Acidosis is a reaction of fish to acidic condition, in which the fish
act highly agitated, with a lot of jumping. Whereas, alkalosis, a
reaction to conditions that are too alkaline, will cause the gill and
fin to be destroyed. To control pH we can use "pH up" or
"pH down" chemical which is available in most fish shop. We
can certainly consult experienced koi member or koi dealer for
assistance.
Dissolved
Oxygen
Dissolved oxygen is
usually only a warm weather concern like Malaysia as it is associated
with water temperature and algae. The larger the fish, the greater the
oxygen demand - low levels will stress and kill our biggest koi. Ponds
that have been safe for many years can become a danger as our fish
grow larger. Algae takes up oxygen at night, and an algae bloom can
cause suffocation in large fish and inhabit the oxidation process of
nitrifying bacteria. Dying algae and decaying organic material also
takes up oxygen. Testing for dissolved oxygen allow us to determine if
our pond has maximum amount of oxygen at specific water temperatures.

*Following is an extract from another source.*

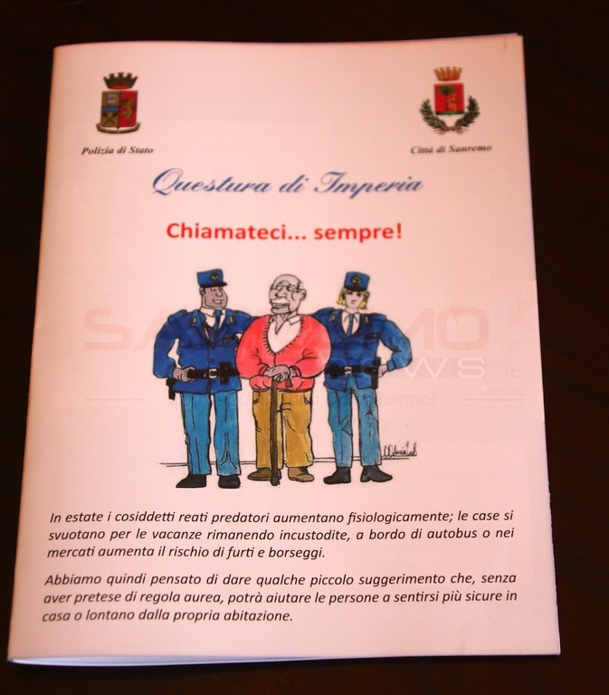 E' stata presentata questa mattina a Ventimiglia, Imperia e Sanremo la campagna informativa predisposta dalla Polizia di Stato, a livello provinciale, volta alla prevenzione di reati predatori: furti, scippi, borseggi e rapine. A presentare la brochure informativa che presto sarà distribuita nei punti strategici e di aggregazione della provincia, il Dirigente del Commissariato della Polizia di Stato Saverio Aricò, insieme al Sindaco di Ventimiglia Enrico Ioculano e di Bordighera Giacomo Pallanca.
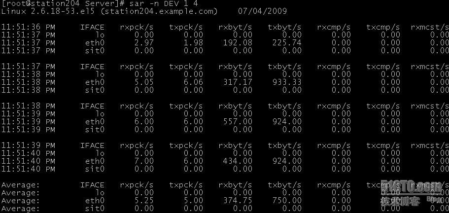 输入命令:sar –n DEV 1 4

Splashing the water into small droplets with underwater jets and
compressed air installation is a good way of promoting oxygenation.
In conclusion, testing gives us information that we need to ensure the
best possible water condition for our fish. It only takes a few
minutes a week and is about the best investment you can make. My
advice is to contact experience koi member of fish shop for help
whenever you have a problem. Do not keep the problem to yourself.